## Required action
After locating the line with "Head of Concordia" in the entries below, output it and each following line up to and including the line with "Electro-Voice 7100 - Service", exactly and without pictures.

┌─ Provided material

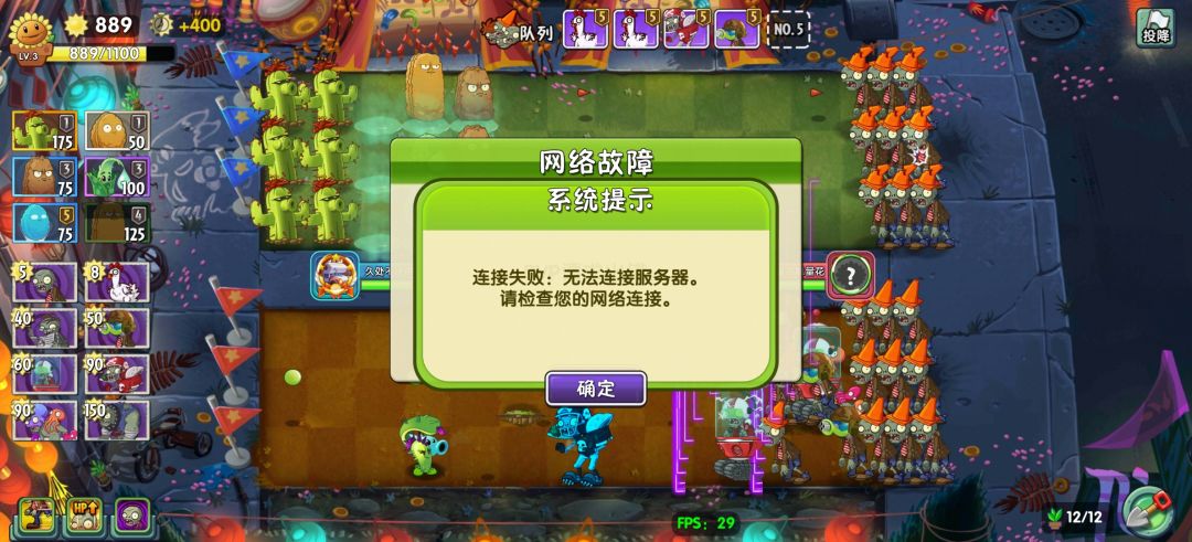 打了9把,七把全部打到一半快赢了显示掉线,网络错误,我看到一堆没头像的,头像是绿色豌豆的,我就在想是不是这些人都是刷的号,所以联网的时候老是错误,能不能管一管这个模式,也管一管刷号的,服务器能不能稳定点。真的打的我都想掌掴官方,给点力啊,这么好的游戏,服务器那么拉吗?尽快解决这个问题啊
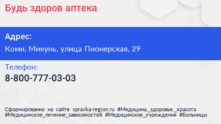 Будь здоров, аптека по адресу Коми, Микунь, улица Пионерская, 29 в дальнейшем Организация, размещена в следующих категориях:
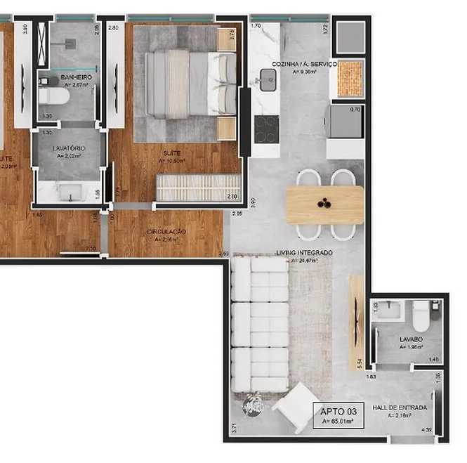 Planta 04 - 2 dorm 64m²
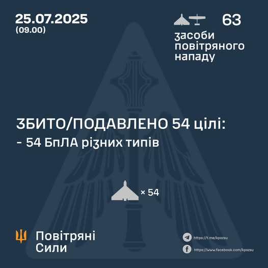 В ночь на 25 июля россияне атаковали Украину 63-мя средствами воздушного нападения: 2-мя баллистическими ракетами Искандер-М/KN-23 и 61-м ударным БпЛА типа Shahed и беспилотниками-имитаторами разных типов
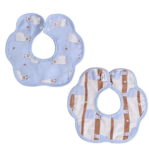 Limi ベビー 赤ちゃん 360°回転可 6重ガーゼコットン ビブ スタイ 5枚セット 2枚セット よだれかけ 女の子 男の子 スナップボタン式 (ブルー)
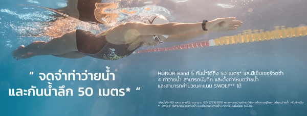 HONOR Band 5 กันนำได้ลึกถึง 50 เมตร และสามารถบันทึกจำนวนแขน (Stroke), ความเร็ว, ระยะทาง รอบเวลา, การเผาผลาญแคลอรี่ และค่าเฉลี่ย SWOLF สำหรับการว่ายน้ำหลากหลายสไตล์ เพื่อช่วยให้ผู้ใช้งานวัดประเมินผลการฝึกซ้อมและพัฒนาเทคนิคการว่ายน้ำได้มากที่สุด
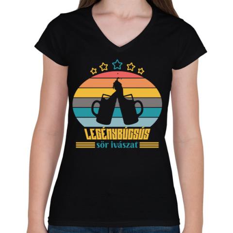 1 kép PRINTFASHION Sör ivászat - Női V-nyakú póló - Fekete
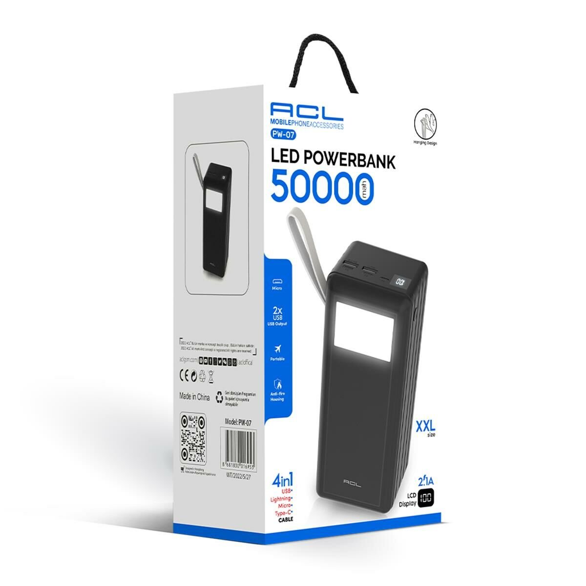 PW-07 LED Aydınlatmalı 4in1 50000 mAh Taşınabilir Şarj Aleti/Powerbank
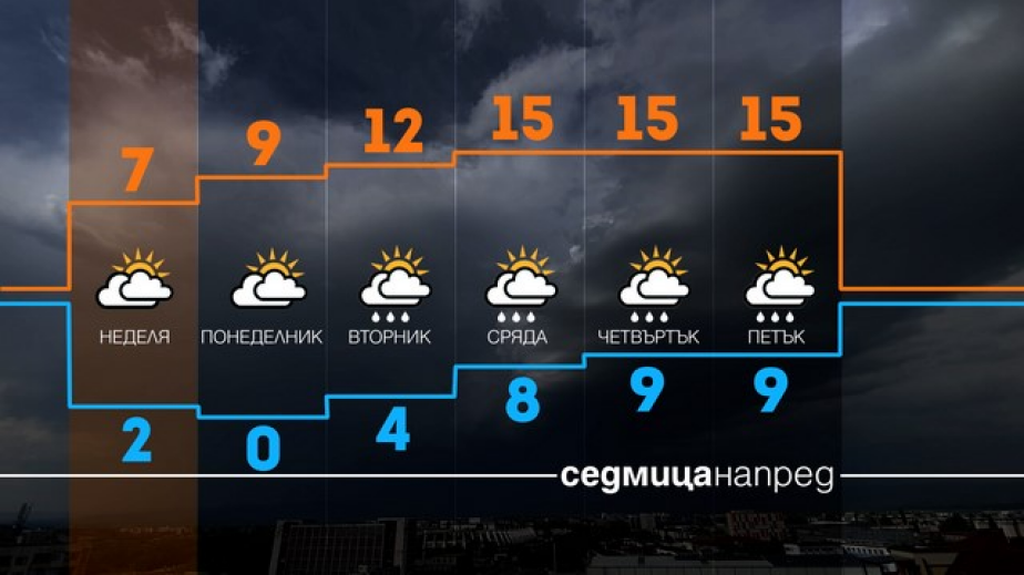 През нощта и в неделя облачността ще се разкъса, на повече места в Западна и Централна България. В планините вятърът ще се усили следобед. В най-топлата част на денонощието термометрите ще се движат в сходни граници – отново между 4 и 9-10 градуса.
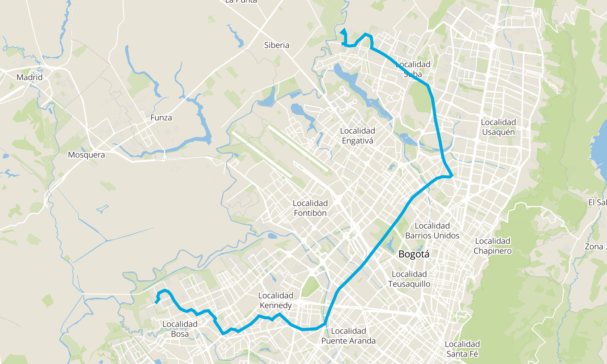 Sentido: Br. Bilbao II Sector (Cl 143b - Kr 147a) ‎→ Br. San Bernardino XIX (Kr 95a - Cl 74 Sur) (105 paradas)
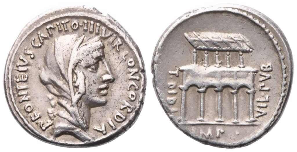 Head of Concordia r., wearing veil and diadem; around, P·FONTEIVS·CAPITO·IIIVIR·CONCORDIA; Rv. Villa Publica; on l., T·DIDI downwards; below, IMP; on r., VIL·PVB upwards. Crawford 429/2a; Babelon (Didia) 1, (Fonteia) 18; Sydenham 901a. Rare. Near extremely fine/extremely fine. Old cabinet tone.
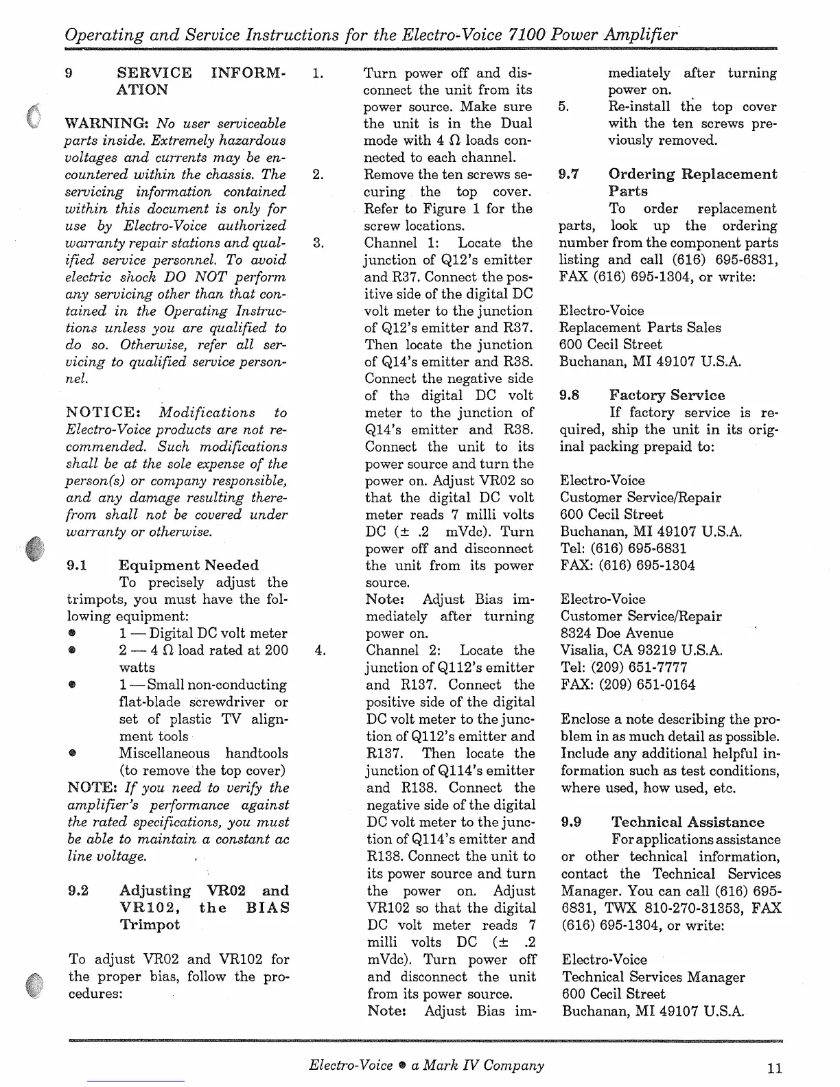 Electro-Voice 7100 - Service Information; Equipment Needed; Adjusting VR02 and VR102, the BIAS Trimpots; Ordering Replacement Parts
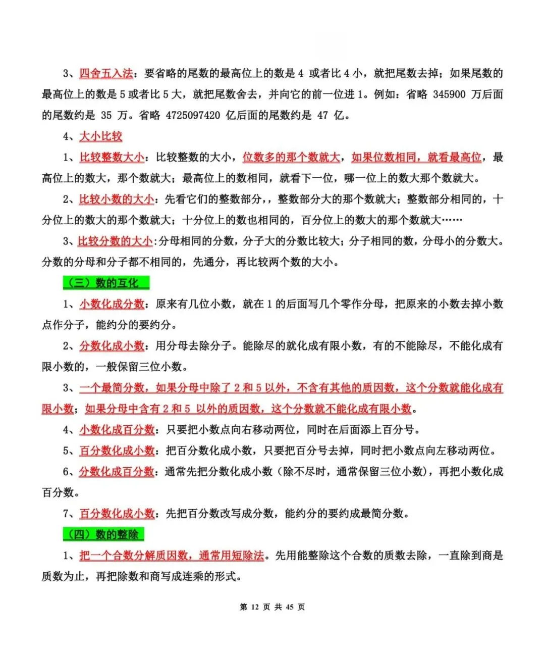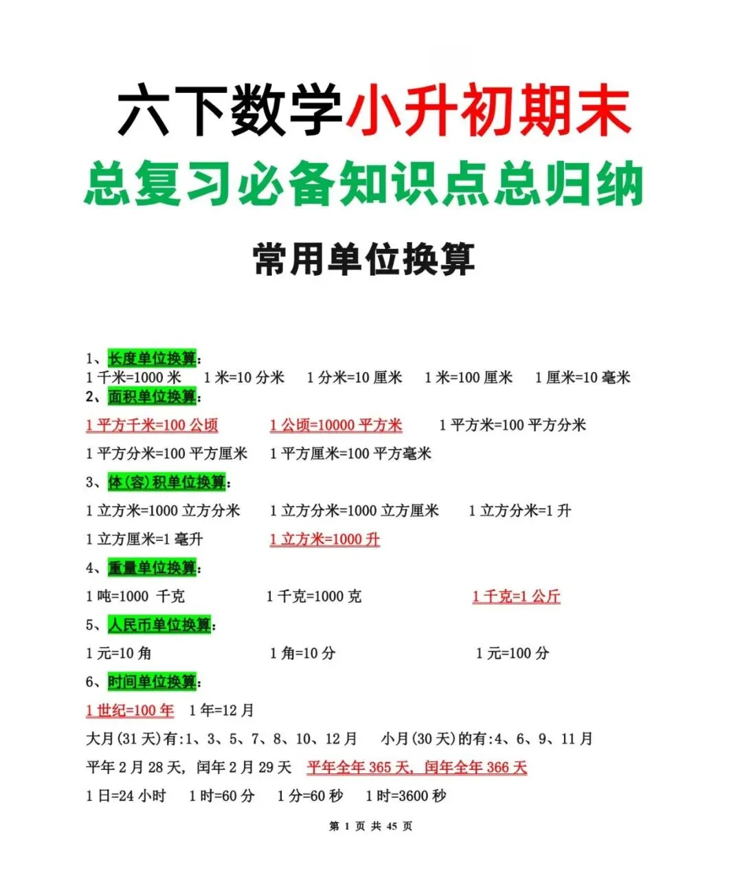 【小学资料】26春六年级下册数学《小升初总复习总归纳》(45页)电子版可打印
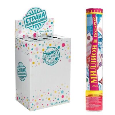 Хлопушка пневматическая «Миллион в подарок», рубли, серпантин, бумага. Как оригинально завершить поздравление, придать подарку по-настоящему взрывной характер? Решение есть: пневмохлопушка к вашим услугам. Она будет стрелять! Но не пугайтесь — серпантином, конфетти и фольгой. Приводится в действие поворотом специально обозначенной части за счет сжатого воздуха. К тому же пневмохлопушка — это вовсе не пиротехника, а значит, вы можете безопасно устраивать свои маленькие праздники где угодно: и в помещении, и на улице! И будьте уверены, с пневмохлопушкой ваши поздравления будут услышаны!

└─

## Result
 Head of Concordia r., wearing veil and diadem; around, P·FONTEIVS·CAPITO·IIIVIR·CONCORDIA; Rv. Villa Publica; on l., T·DIDI downwards; below, IMP; on r., VIL·PVB upwards. Crawford 429/2a; Babelon (Didia) 1, (Fonteia) 18; Sydenham 901a. Rare. Near extremely fine/extremely fine. Old cabinet tone.
 Electro-Voice 7100 - Service Information; Equipment Needed; Adjusting VR02 and VR102, the BIAS Trimpots; Ordering Replacement Parts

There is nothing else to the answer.